Copy the listing exactly, please, and keep every picture out of it.

COLLECTED DATA ->
▼
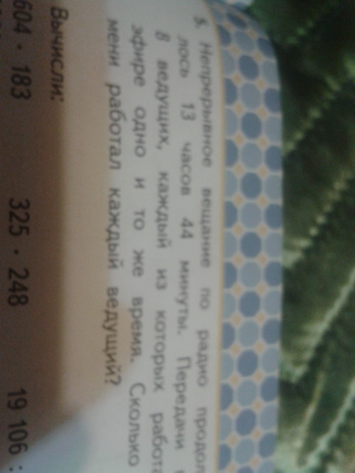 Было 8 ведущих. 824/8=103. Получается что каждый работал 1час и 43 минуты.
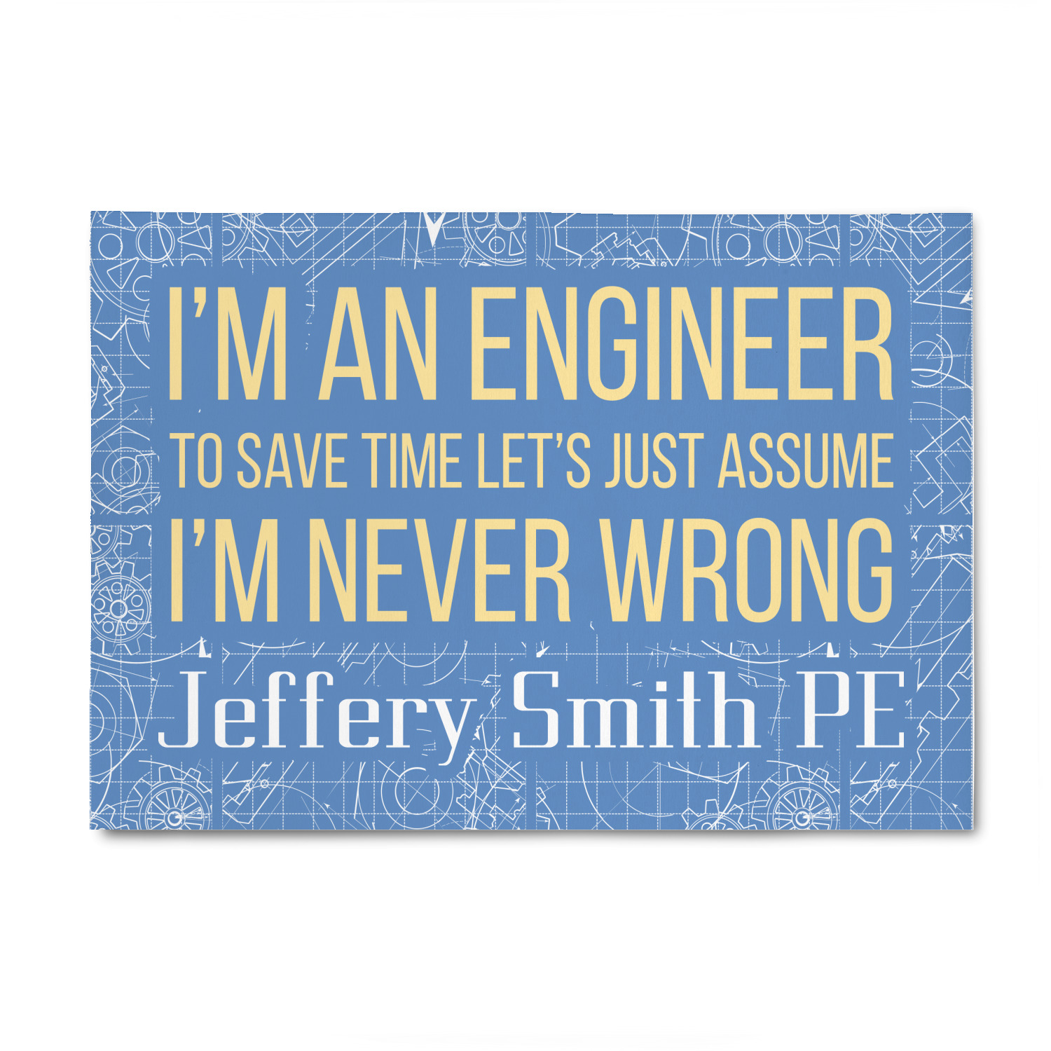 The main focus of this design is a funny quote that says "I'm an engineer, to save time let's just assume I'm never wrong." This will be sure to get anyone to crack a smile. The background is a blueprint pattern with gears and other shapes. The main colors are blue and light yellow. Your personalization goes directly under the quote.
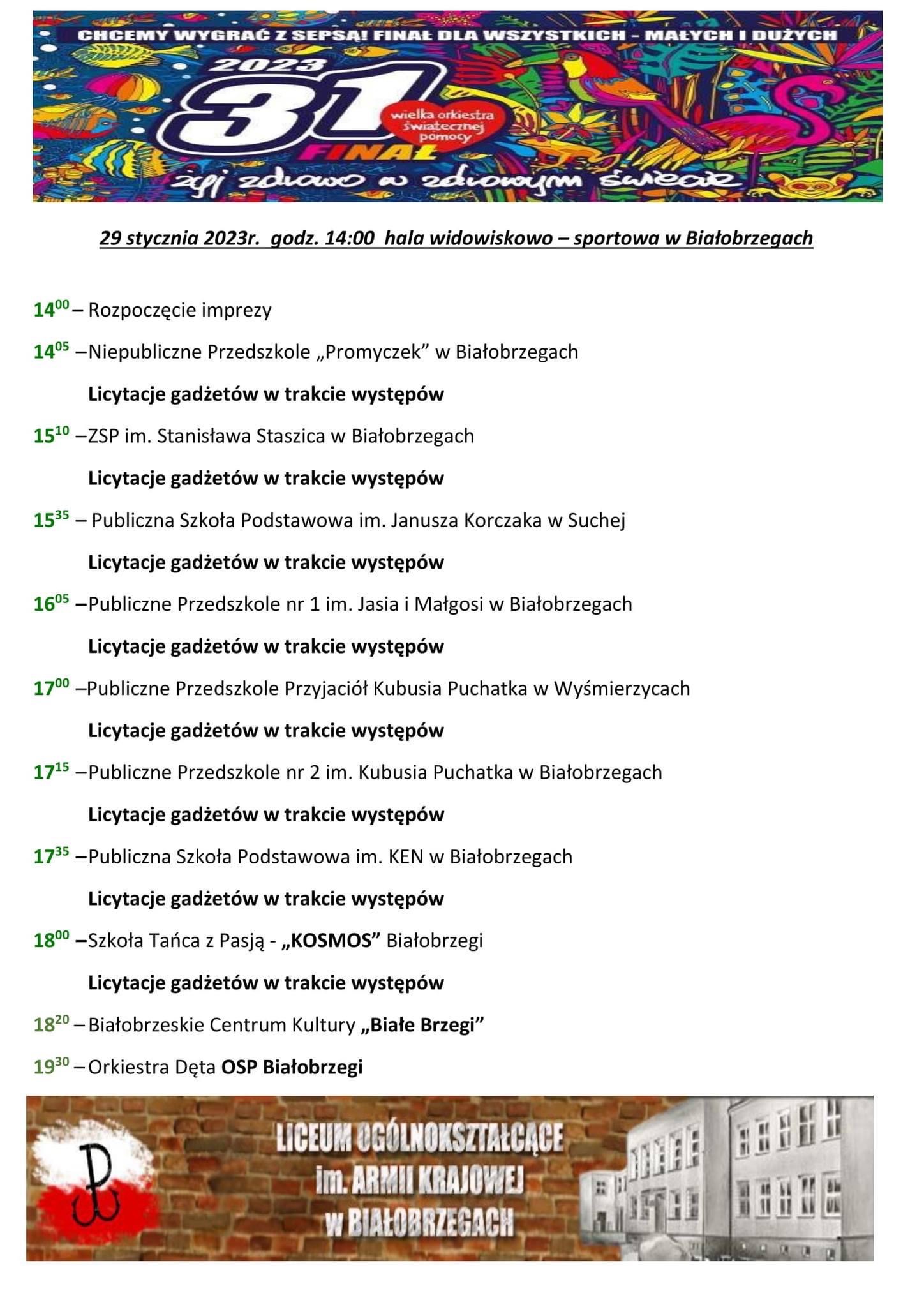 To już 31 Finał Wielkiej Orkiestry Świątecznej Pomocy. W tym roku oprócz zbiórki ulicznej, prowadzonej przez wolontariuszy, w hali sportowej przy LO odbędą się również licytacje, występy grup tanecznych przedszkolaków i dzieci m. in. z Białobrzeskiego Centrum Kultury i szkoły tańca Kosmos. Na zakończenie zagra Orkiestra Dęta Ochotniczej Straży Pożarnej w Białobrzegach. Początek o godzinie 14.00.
▲
RESULT ->
 Было 8 ведущих. 824/8=103. Получается что каждый работал 1час и 43 минуты.
 The main focus of this design is a funny quote that says "I'm an engineer, to save time let's just assume I'm never wrong." This will be sure to get anyone to crack a smile. The background is a blueprint pattern with gears and other shapes. The main colors are blue and light yellow. Your personalization goes directly under the quote.
 To już 31 Finał Wielkiej Orkiestry Świątecznej Pomocy. W tym roku oprócz zbiórki ulicznej, prowadzonej przez wolontariuszy, w hali sportowej przy LO odbędą się również licytacje, występy grup tanecznych przedszkolaków i dzieci m. in. z Białobrzeskiego Centrum Kultury i szkoły tańca Kosmos. Na zakończenie zagra Orkiestra Dęta Ochotniczej Straży Pożarnej w Białobrzegach. Początek o godzinie 14.00.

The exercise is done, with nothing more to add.